Another example embodiment may provide a system comprising: controller means; and a plurality of communications devices, wherein the controller means is configured to transmit signalling data to the plurality of communications device over a communications network, the signalling data being indicative of at least part of a neural network architecture, for causing each of the communications devices to initialise one or more local layers, being a subset of layers of the neural network architecture, such that each communications device provides a different layer, or a different combination of, layers than the other communications devices.

Brief Description of the Drawings

Example embodiments will now be described with reference to the accompanying drawings, in which:

FIG. 1 is a graphical representation of an example neural network architecture;

FIG. 2 is a computer system comprising a plurality of networked devices and a control apparatus according to some example embodiments;

FIG. 3 is a schematic diagram of components of the FIG. 2 control apparatus according to some example embodiments;

FIG. 4 is a flow diagram showing example operations performed at the FIG.2 control apparatus according to some example embodiments;

FIG. 5 is a flow diagram showing other example operations performed at the FIG.2 control apparatus according to some example embodiments;

FIG. 6 is a flow diagram showing other example operations performed at the FIG.2 control apparatus according to some example embodiments;

FIG. 7 is a flow diagram showing example operations performed at one of the FIG. 2 devices according to some example embodiments;

FIG. 8 is a flow diagram showing example other operations performed at one of the FIG. 2 devices according to some example embodiments;

FIG. 9 is a flow diagram showing example other operations performed at one of the FIG. 2 devices according to some example embodiments;

FIG. io is a schematic diagram showing the FIG. 2 plurality of networked devices on which different combinations of layers of a neural network architecture are initialised;

FIG. 11 is a schematic diagram similar to FIG. io, showing the flow of data between the layers of the neural network architecture during a training or inference phase; and

FIG. 12 is a flow diagram showing example operations performed at one of the FIG. 2 devices for determining whether to process device broadcast from another such device, according to some example embodiments.

Detailed Description

In the description and drawings, like reference numerals refer to like elements throughout.

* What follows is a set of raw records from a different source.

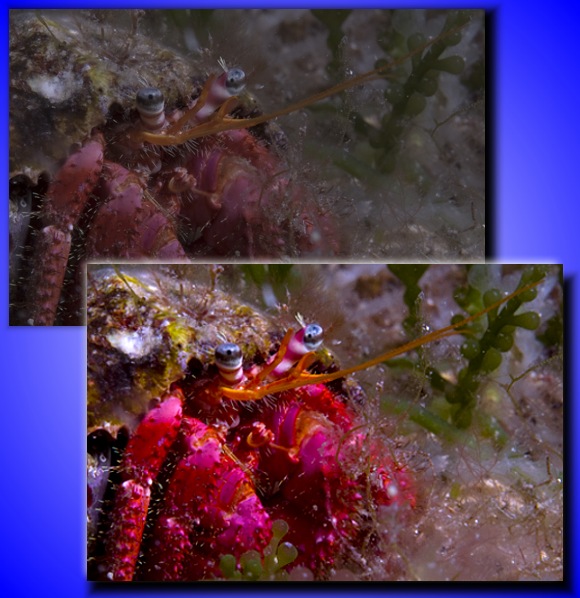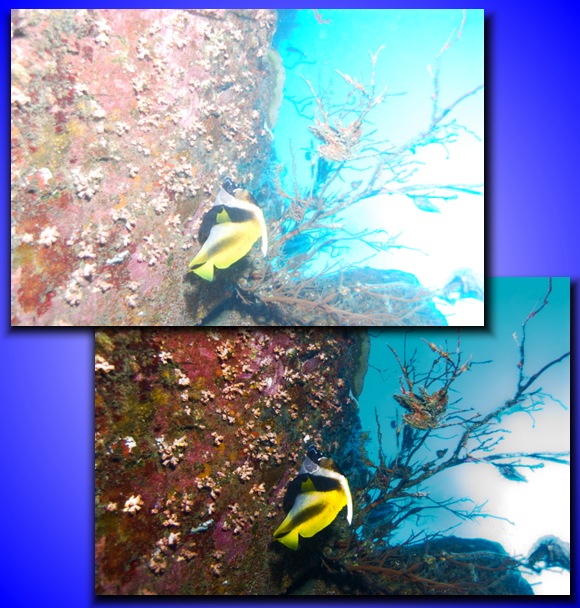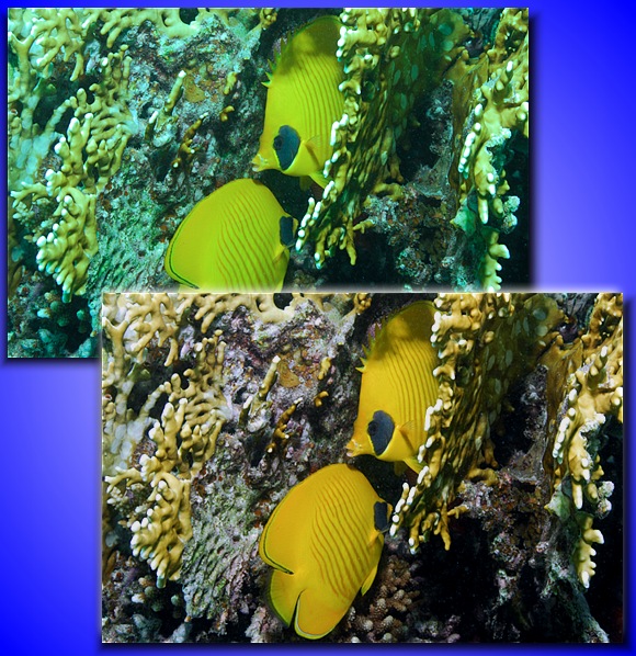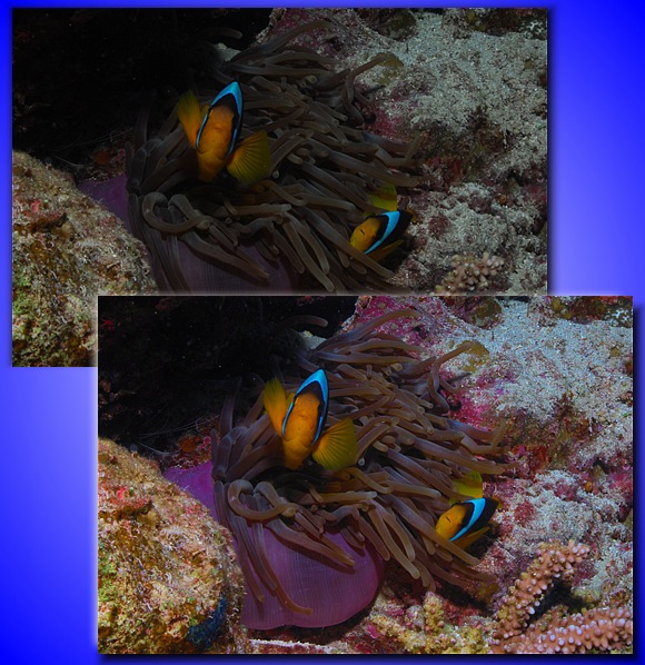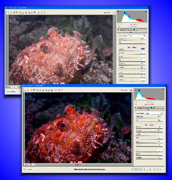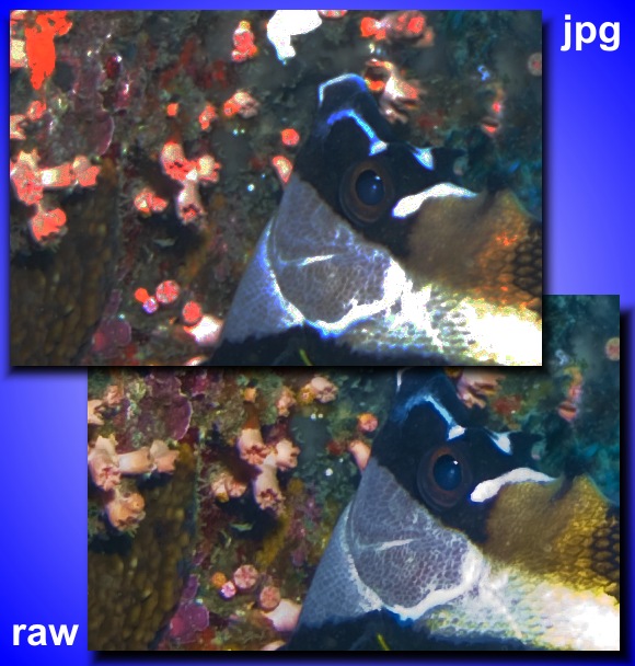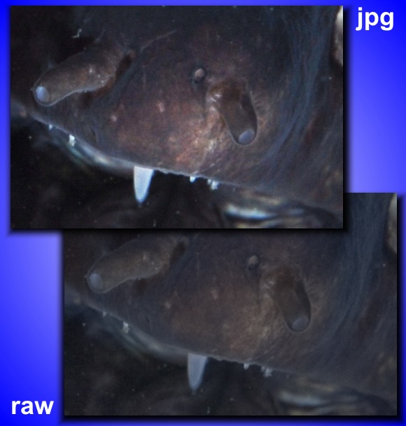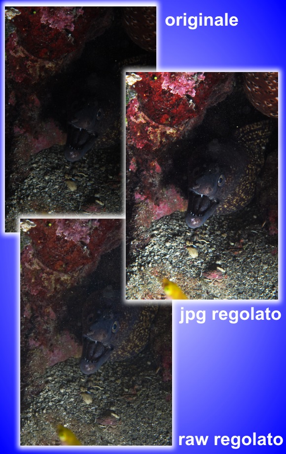 Confronto raw jpg: i particolari del nasone della murena sono più leggibili.
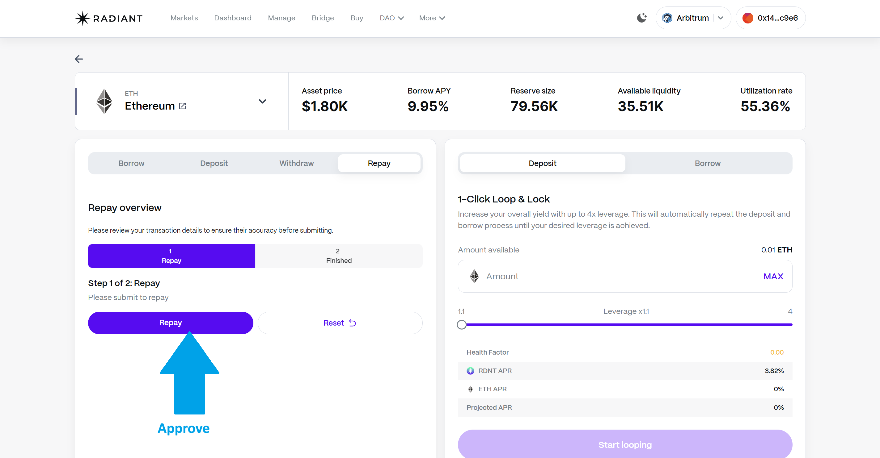 * Confirm by clicking “Repay” and then confirm the transaction in your wallet.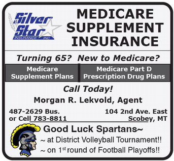 MEDICARE SUPPLEMENT INSURANCE Turning 65? New to Medicare? Medicare Supplement Plans Medicare Part D Prescription Drug Plans Call Today! Morgan R. Lekvold, Agent 487-2629 Bus. or Cell 783-8811 104 2nd Ave. East Scobey, MT Good Luck Spartans~ ~ at District Volleyball Tournament!! ~ on 1st round of Football Playoffs!! MEDICARE SUPPLEMENT INSURANCE Turning 65? New to Medicare? Medicare Supplement Plans Medicare Part D Prescription Drug Plans Call Today! Morgan R. Lekvold, Agent 487-2629 Bus. or Cell 783-8811 104 2nd Ave. East Scobey, MT Good Luck Spartans~ ~ at District Volleyball Tournament!! ~ on 1st round of Football Playoffs!!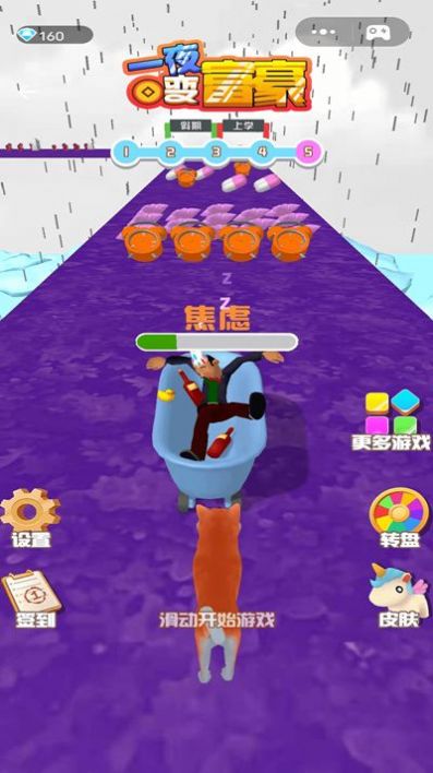 一夜变富豪游戏:解锁了不同的道具,奔跑竞速实力快速提高,关卡场景中有无尽的快乐,提升你的控制能力,灵敏反应继续冒险,通关福利有各种惊喜。激情跑酷是最流畅的,获得更多积分继续挑战您的极限,各种颜色的组合非常漂亮的视觉体验,收集道路上的无数财富,成为真正的大富翁,收集了各种奖励,一夜暴富的梦想轻松就能实现。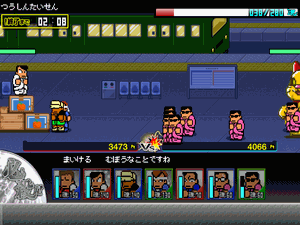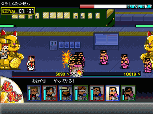 初期キャラくにおがレアで結構強いので、他のレアキャラ出るまでは、どうしてもこれになりがち。くにおをLv20(覚醒)までさせると、それ以下のキャラしか持ってない人には大変脅威。勝てない。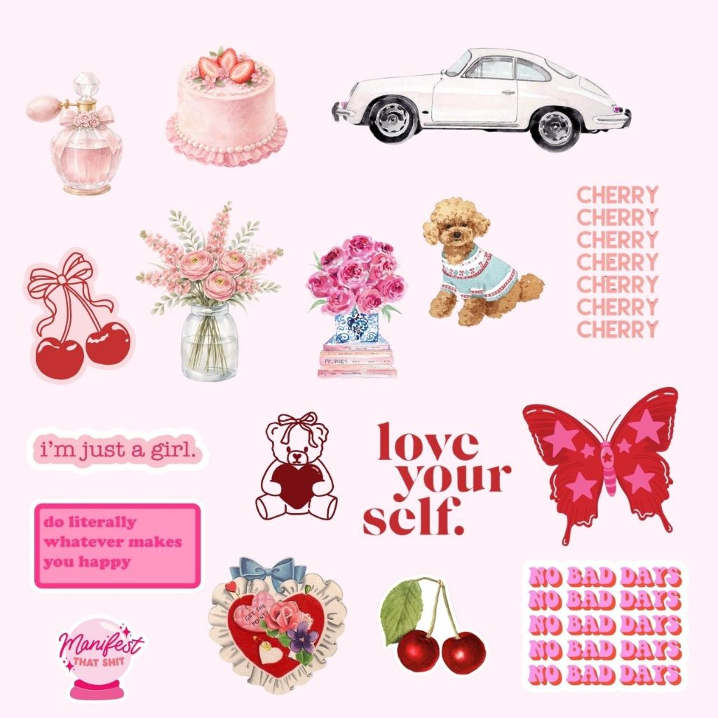 Kit 61 Adesivos Pink Love – Estilo Aesthetic | À Prova d'Água Deixe seus objetos ainda mais estilosos com este kit com 61 adesivos Pink Love, perfeito para quem ama estética feminina, romântica e cheia de personalidade. O kit reúne diversos elementos delicados e modernos em tons de rosa, como laços, borboletas, ursinhos, flores, frases inspiradoras, moda, viagem e referências fashion. Ideal para projetos de colagem, scrapbook, journal e personalização. Produzidos em vinil adesivo resistente e à prova d'água, possuem ótima aderência e podem ser aplicados em diversas superfícies. ✨ Características do produto • Quantidade: 61 adesivos diferentes • Material: vinil adesivo à prova d'água • Tamanho aproximado: 4 a 7 cm • Recorte eletrônico com borda branca • Fácil aplicação 📌 Perfeito para decorar: • Capinhas de celular • Garrafas • Kindle e eletrônicos • Cadernos e planners • Scrapbook e journal • Notebook e laptop • Malas e objetos pessoais Os adesivos são enviados prontos para uso e são ideais para decorar, presentear ou usar em projetos criativos.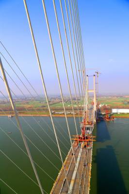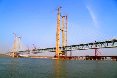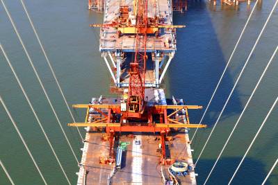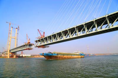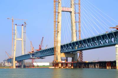 本报荆州讯(通讯员 孟庆虎) 11月6日,由中铁大桥局承建的蒙西华中铁路公安长江大桥主跨斜拉桥钢桁梁架设累计完成68个节间,占总数比例88.3%,斜拉索挂设累计完成112根,占总数比例82.4%。 蒙华铁路公安长江大桥为主跨518米的双塔钢桁梁斜拉桥,是国内首条跨越长江的重载铁路桥梁。斜拉桥钢梁共77个节间,总重3.2万吨。大桥主跨将于11月下旬合龙,年内实现主桥贯通。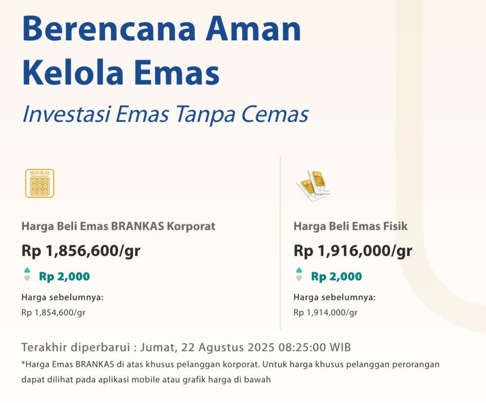 Berdasarkan data dari BRANKAS LM per Jumat, 22 Agustus 2025 pukul 08:25 WIB, harga beli emas Antam tercatat di Rp1.856.600 per gram untuk BRANKAS korporat dan Rp1.916.000 per gram untuk emas fisik. Keduanya mengalami kenaikan sebesar Rp2.000 dibandingkan hari sebelumnya.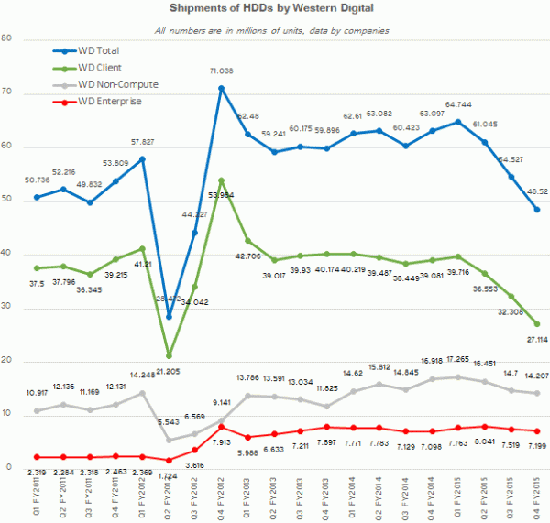 В четвёртом квартале финансового 2015 года (что соответствует второму кварталу календарного 2015) WD продала 48,52 миллиона жёстких диска, что существенно ниже продаж в 63,097 миллиона в тот же период год назад. Поставки HDD для серверов и некомпьютерных устройств незначительно поднялись, или слегка упали. Тем не менее, продажи жёстких дисков для клиентских ПК снизились на колоссальные 12 миллионов единиц по сравнению со вторым кварталом 2014 года.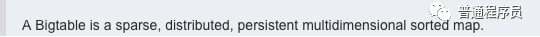 幸运的是,Google的BigTable论文清楚地解释了BigTable究竟是什么。这是“数据模型”部分的第一句话: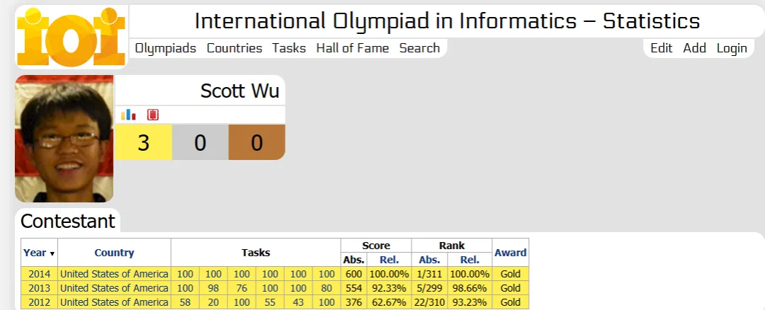 Scott Wu 曾连续三年获得 IOI 金牌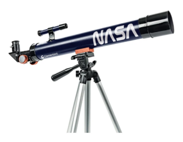 Beskrivning: Ett rymdinspirerat teleskop med officiell NASA-logga som är som klippt och skuret för den unga rymdfantasten (rekommenderas från 8 år). Modellen har en lins på 50 mm och kommer med utbytbara okular för olika förstoringsgrader. Det som får NASA-teleskopet att sticka ut är den illustrerade manualen som medföljer, vilken hjälper barnet att förstå astronomiska principer på ett roligt sätt.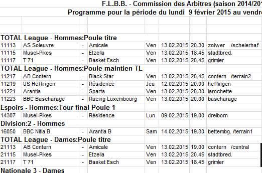 Programme pour la période du lundi 9 février 2015 au vendredi 20 février 2015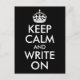 Keep Calm and Write On parody for writers in black and white. Authors can change the wording, text size or the background colour to create your own promotional materials.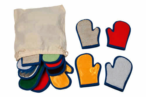 Комплект от 10 чифта ръкавици с различна текстурирана повърхност. Изключително подходящи за стимулиране на тактилните възприятия. Насърчава се социалното взаимодействие, езиково-говорното развитие, емоционалната експресия.
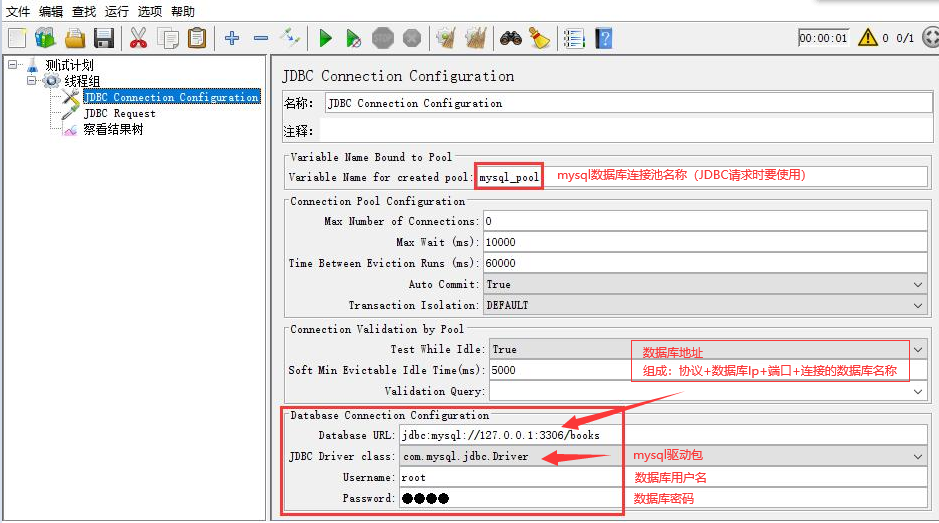 添加方式:测试计划 –> 线程组–> (右键添加) 配置元件 –> JDBC Connection Configuration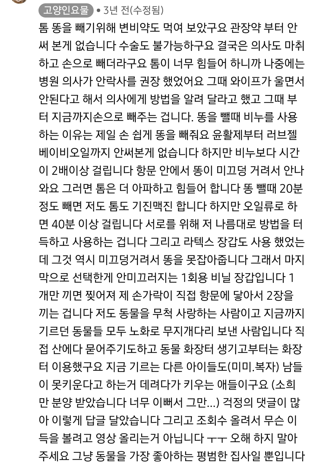 직접 똥 빼주기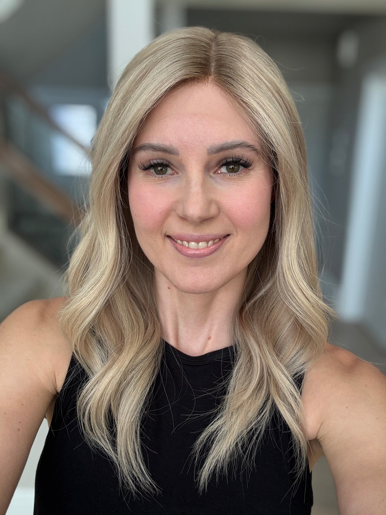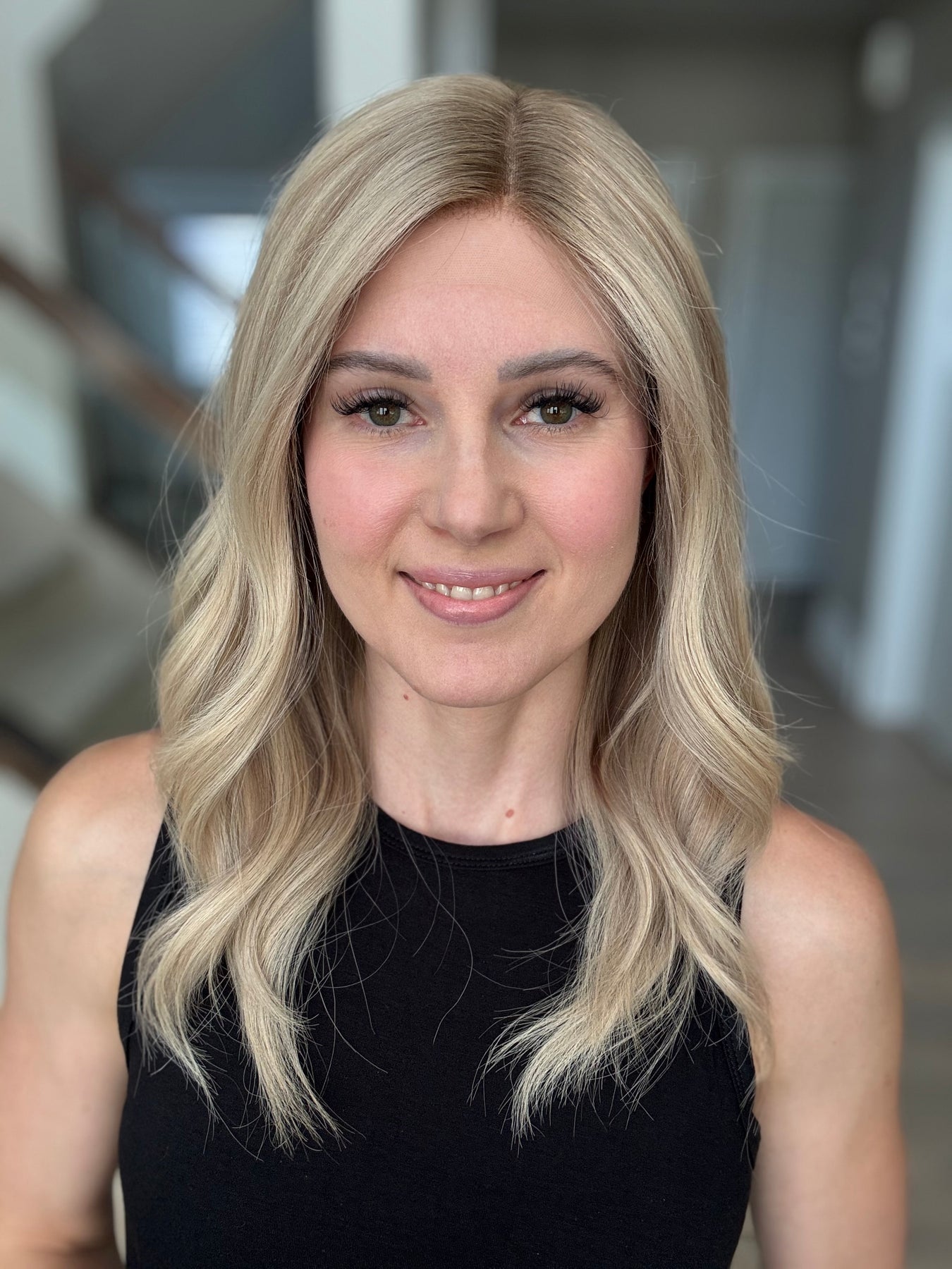 * Color: Neutral blonde with dimension and a dark blonde root.

An artificial neural network (“neural network”) is a computer system inspired by the biological neural networks in human brains. A neural network maybe considered a particular kind of computational graph or architecture used in machine learning. A neural network may comprise a plurality of discrete processing elements called “artificial neurons” which may be connected to one another in various ways, in order that the strengths or weights of the connections may be adjusted with the aim of optimising the neural network’s performance on a task in question. The artificial neurons maybe organised into layers, typically an input layer, one or more intermediate or hidden layers, and an output layer. The output from one layer becomes the input to the next layer, and so on, until the output is produced by the final layer.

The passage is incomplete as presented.